Description: Iron is represented in biogeochemical ocean models by a variety of structurally different approaches employing generally poorly constrained empirical parameterizations. Increasing the structural complexity of iron modules also increases computational costs and introduces additional uncertainties, with as yet unclear benefits. In order to demonstrate the benefits of explicitly representing iron, we calibrate a hierarchy of iron modules and evaluate the remaining model-data misfit. The first module includes a complex iron cycle with major processes resolved explicitly, the second module applies iron limitation in primary production using prescribed monthly iron concentration fields, and the third module does not explicitly include iron effects at all. All three modules are embedded into the same circulation model. Models are calibrated against global data sets of NO3, PO4 and O2 applying a state-of-the-art multi-variable constraint parameter optimization. The model with fully resolved iron cycle is marginally (up to 4.8%) better at representing global distributions of NO3, PO4 and O2 compared to models with implicit or absent parameterizations of iron. We also found a slow down of global surface nutrient cycling by about 30% and a shift of productivity from the tropics to temperate regions for the explicit iron module. The explicit iron model also reduces the otherwise overestimated volume of suboxic waters, yielding results closer to observations.

Description: Carbon dioxide removal (CDR) is discussed for offsetting residual greenhouse gas emissions or even reversing climate change. All emissions scenarios of the Intergovernmental Panel on Climate Change that meet the ‘well below 2 °C’ warming target of the Paris Agreement include CDR. Ocean alkalinity enhancement (OAE) may be one possible CDR where the carbon uptake of the ocean is increased by artificial alkalinity addition. Here, we investigate the effect of OAE on modelled carbon reservoirs and fluxes in two observationally-constrained large perturbed parameter ensembles.
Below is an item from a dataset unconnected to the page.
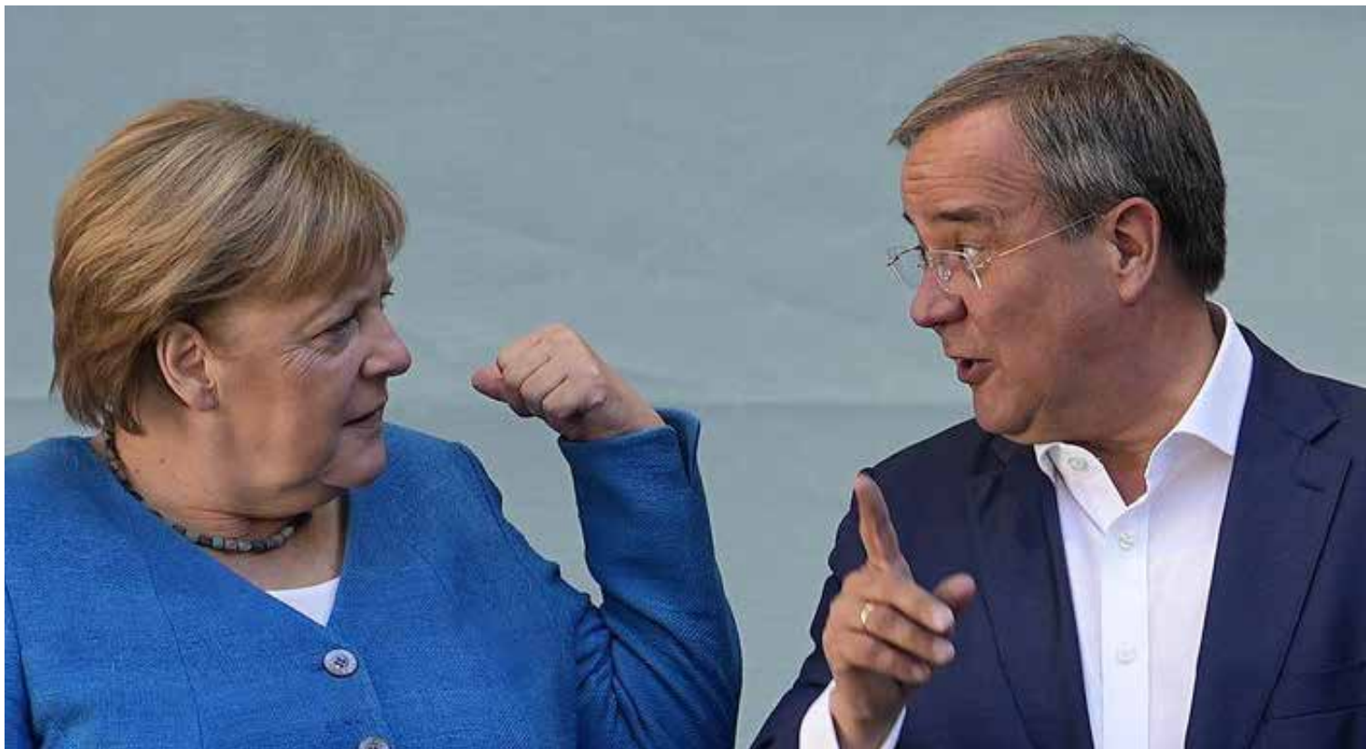
Angela Merkel con el nuevo candidato de la CDU, Armin Laschet.

líder del FDP, Christian Lindner , no han ocultado.

OAE is assumed to be technically successful and deployed as an additional CDR in the SSP5-3.4 temperature overshoot scenario. Tradeoffs involving feedbacks with atmospheric CO 2 result in a low efficiency of an alkalinity-driven atmospheric CO 2 reduction of −0.35 [−0.37 to −0.33] mol C per mol alkalinity addition (skill-weighted mean and 68% c.i.). The realized atmospheric CO 2 reduction, and correspondingly the efficiency, is more than two times smaller than the direct alkalinity-driven enhancement of ocean uptake. The alkalinity-driven ocean carbon uptake is partly offset by the release of carbon from the land biosphere and a reduced ocean carbon sink in response to lowered atmospheric CO 2 under OAE. In a second step we use the Bern3D-LPX model in CO 2 peak-decline simulations to address hysteresis and temporal lags of surface air temperature change (ΔSAT) in an idealized scenario where ΔSAT increases to ~2 °C and then declines to ~1.5 °C as result of CDR. ΔSAT lags the decline in CO 2 -forcing by 18 [14–22] years, depending close to linearly on the equilibrium climate sensitivity of the respective ensemble member. These tradeoffs and lags are an inherent feature of the Earth system response to changes in atmospheric CO 2 and will therefore be equally important for other CDR methods.